ELISA: Detects presence of antigen or antibody using enzyme-linked antibodies.
Antimicrobial Drugs
Antibiotics and Selective Toxicity
Antibiotics: Substances produced by microbes to inhibit other microbes (e.g., penicillin).
Selective Toxicity: Targeting microbes without harming host.
Bactericidal: Kill microbes directly.
Bacteriostatic: Inhibit growth, allowing immune system to clear infection.
Targets of Antimicrobial Drugs
Cell wall synthesis (e.g., peptidoglycan in bacteria).
Protein synthesis (bacterial 70S ribosomes vs. eukaryotic 80S).

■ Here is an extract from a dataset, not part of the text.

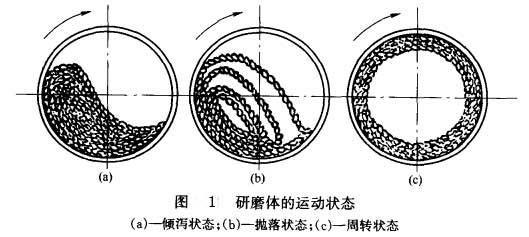 由于磨機轉速的變化。一定量的研磨體可出現三種情況。磨機轉速太快,研磨體與物料粘附筒體一起回轉,稱為"周轉狀態",研磨體對物料起不到沖擊和研磨作用。當磨機轉速太慢,研磨體和物料因摩擦力的作用被簡體帶到等于動摩擦角的高度時,研磨體和物料就下滑,稱為"傾瀉狀態"。對物料有研磨作用而沒有沖擊作用,粉磨效率不高。當磨機轉速適中時,研磨體提升到一定高度后拋落下來、稱為"拋落狀態",研磨體對物料有較大的沖擊和研磨作用,粉磨效率高。參見圖l。

Nucleic acid replication and transcription.
Plasma membrane integrity.
Essential metabolite synthesis.
Drug Synergy and Antagonism
Synergy: Two drugs enhance each other's effects.
Antagonism: One drug interferes with the action of another (e.g., penicillin and tetracycline).
Antifungal and Antiviral Drugs
Antifungals target ergosterol in fungal membranes.
Antivirals often target viral genome replication.
Antibiotic Resistance
Misuse of antibiotics selects for resistant mutants.
Mechanisms: Blocking entry, inactivation by enzymes, target alteration, efflux pumps.
Table: Mechanisms of Antibiotic Resistance
Mechanism | Description |
|---|---|
Blocking Entry | Prevents antibiotic from entering the cell |
Enzymatic Inactivation | Bacterial enzymes degrade or modify the antibiotic |
Target Alteration | Mutation changes the antibiotic's binding site |
Efflux Pumps | Pumps antibiotic out of the cell |
Additional info: E. coli can adapt to high antibiotic concentrations rapidly, demonstrating the importance of prudent antibiotic use.